### Directions for this task
Print the line containing "このチェンバロは18世紀フレ" and each line after it through the end of the material below, exactly as it appears, but skip the pictures.

### Data section
:::::

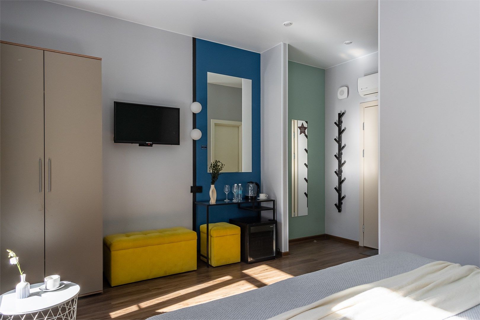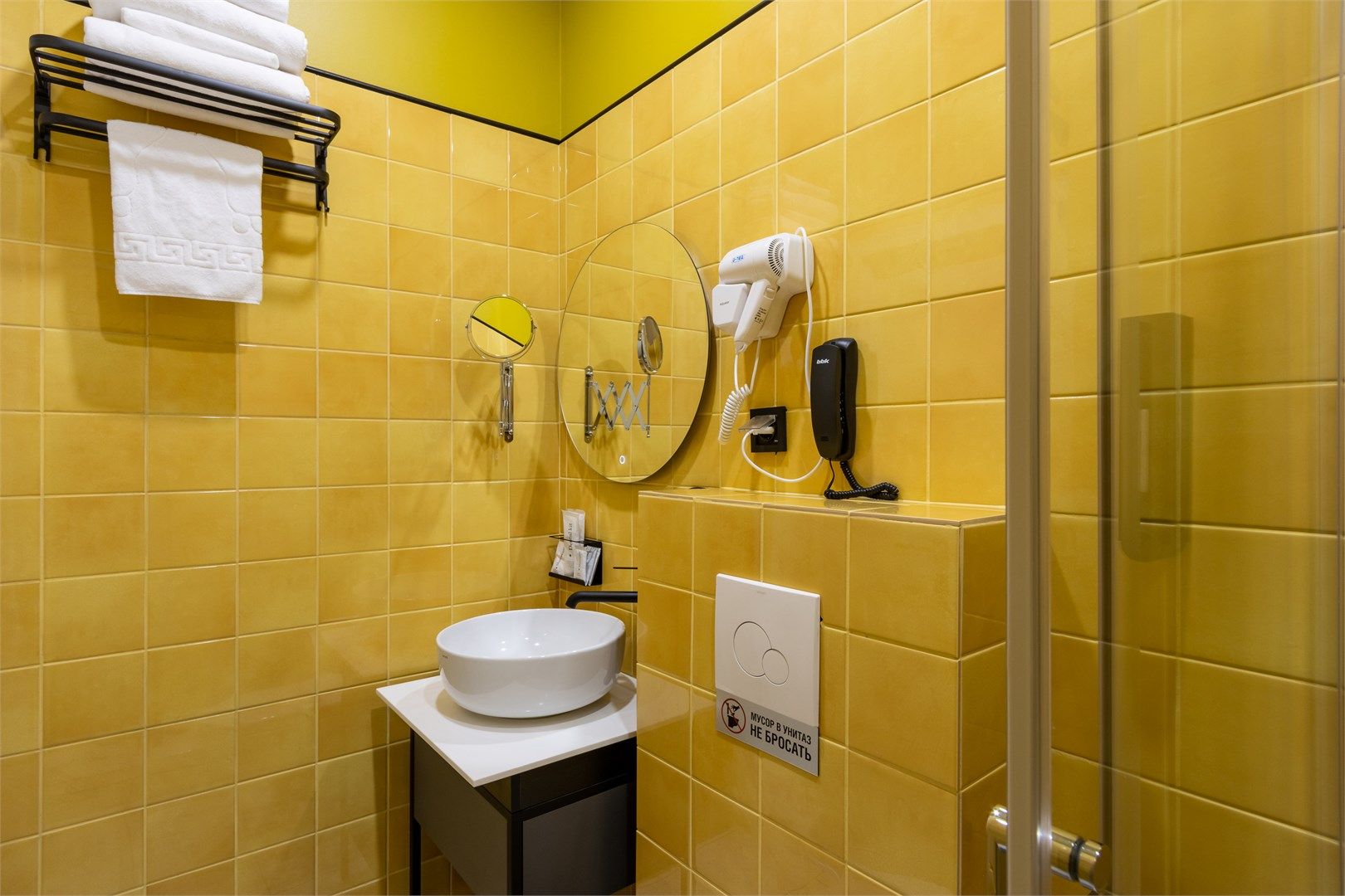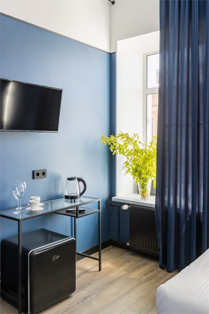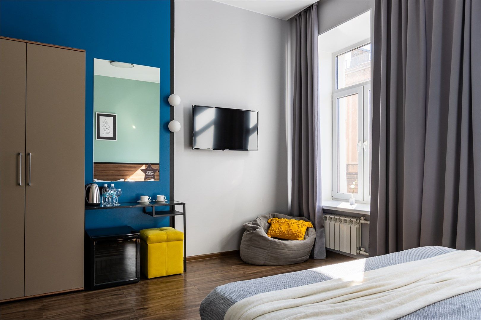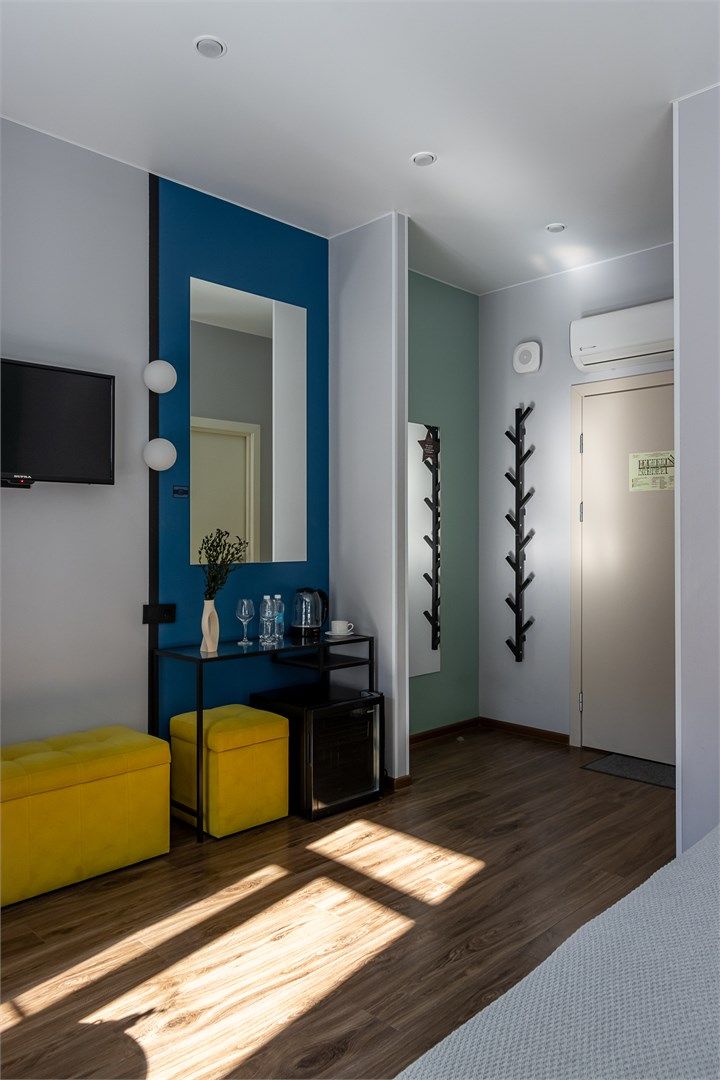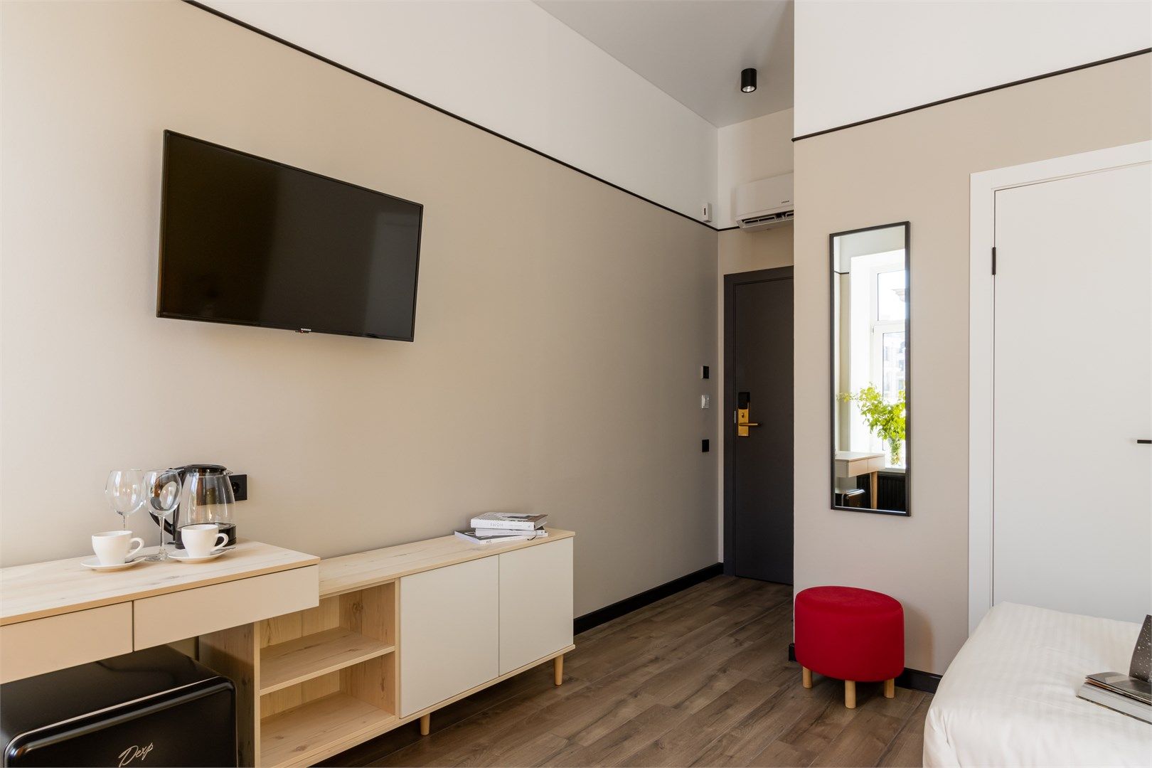 Звукоизолированный двухместный номер с 1 кроватью, электрическим чайником и плоским телевизором. В собственной ванной комнате: • Душ • Фен • Бесплатные туалетно-косметические принадлежности • Тапочки • Полотенца Вид: • Вид на город • Вид во внутренний дворик Услуги и удобства: ​ • Холодильник • Кондиционер • Телефон • Отопление • Деревянный или паркетный пол • Звукоизоляция • Услуга «звонок-будиль...
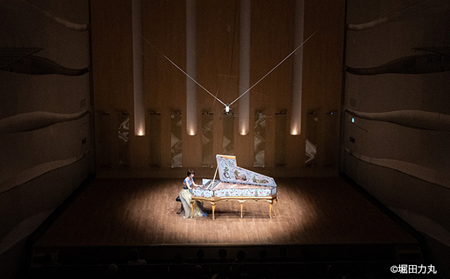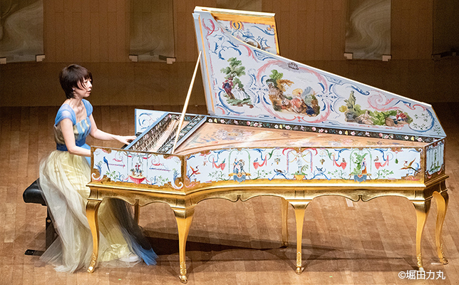 このチェンバロは18世紀フレンチ・モデルで、ドイツ作品を演奏するのにも適しており、美しい白のボディに装飾が施されている。
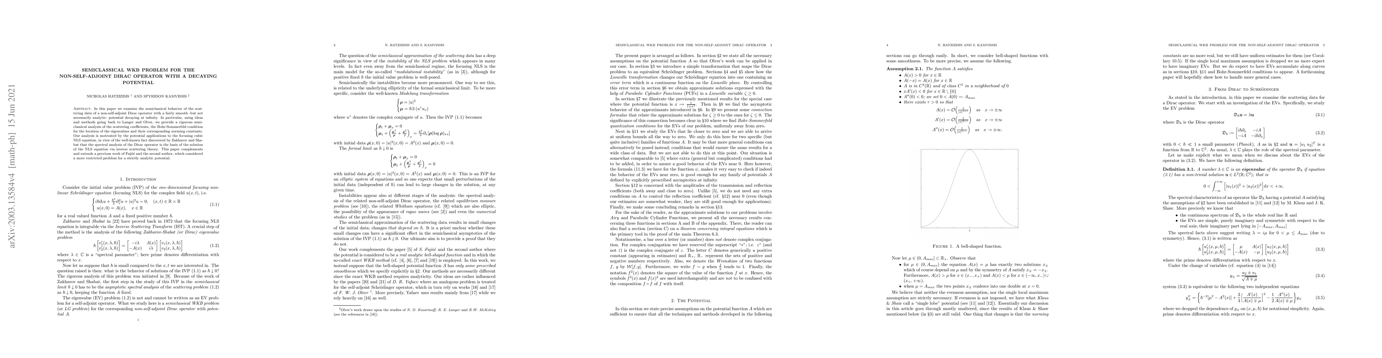 In this paper we examine the semiclassical behaviour of the scattering data of a non-self-adjoint Dirac operator with a fairly smooth but not necessarily analytic potential decaying at infinity. In particular, using ideas and methods going back to Langer and Olver, we provide the complete rigorous uniform semiclassical analysis of the scattering coefficients away (slightly) from zero, and the rigorous proof of the uniform Bohr-Sommerfeld condition for the location of the eigenvalues. Our analysis is motivated by the potential applications to the focusing cubic NLS equation, in view of the well-known fact discovered by Zakharov and Shabat that the spectral analysis of the Dirac operator is the basis of the solution of the NLS equation via inverse scattering theory. This paper complements and extends a previous work of Fujii\'e and the second author, which considered a more restricted problem for a strictly analytic potential.

:::::

### Written response
 このチェンバロは18世紀フレンチ・モデルで、ドイツ作品を演奏するのにも適しており、美しい白のボディに装飾が施されている。
 In this paper we examine the semiclassical behaviour of the scattering data of a non-self-adjoint Dirac operator with a fairly smooth but not necessarily analytic potential decaying at infinity. In particular, using ideas and methods going back to Langer and Olver, we provide the complete rigorous uniform semiclassical analysis of the scattering coefficients away (slightly) from zero, and the rigorous proof of the uniform Bohr-Sommerfeld condition for the location of the eigenvalues. Our analysis is motivated by the potential applications to the focusing cubic NLS equation, in view of the well-known fact discovered by Zakharov and Shabat that the spectral analysis of the Dirac operator is the basis of the solution of the NLS equation via inverse scattering theory. This paper complements and extends a previous work of Fujii\'e and the second author, which considered a more restricted problem for a strictly analytic potential.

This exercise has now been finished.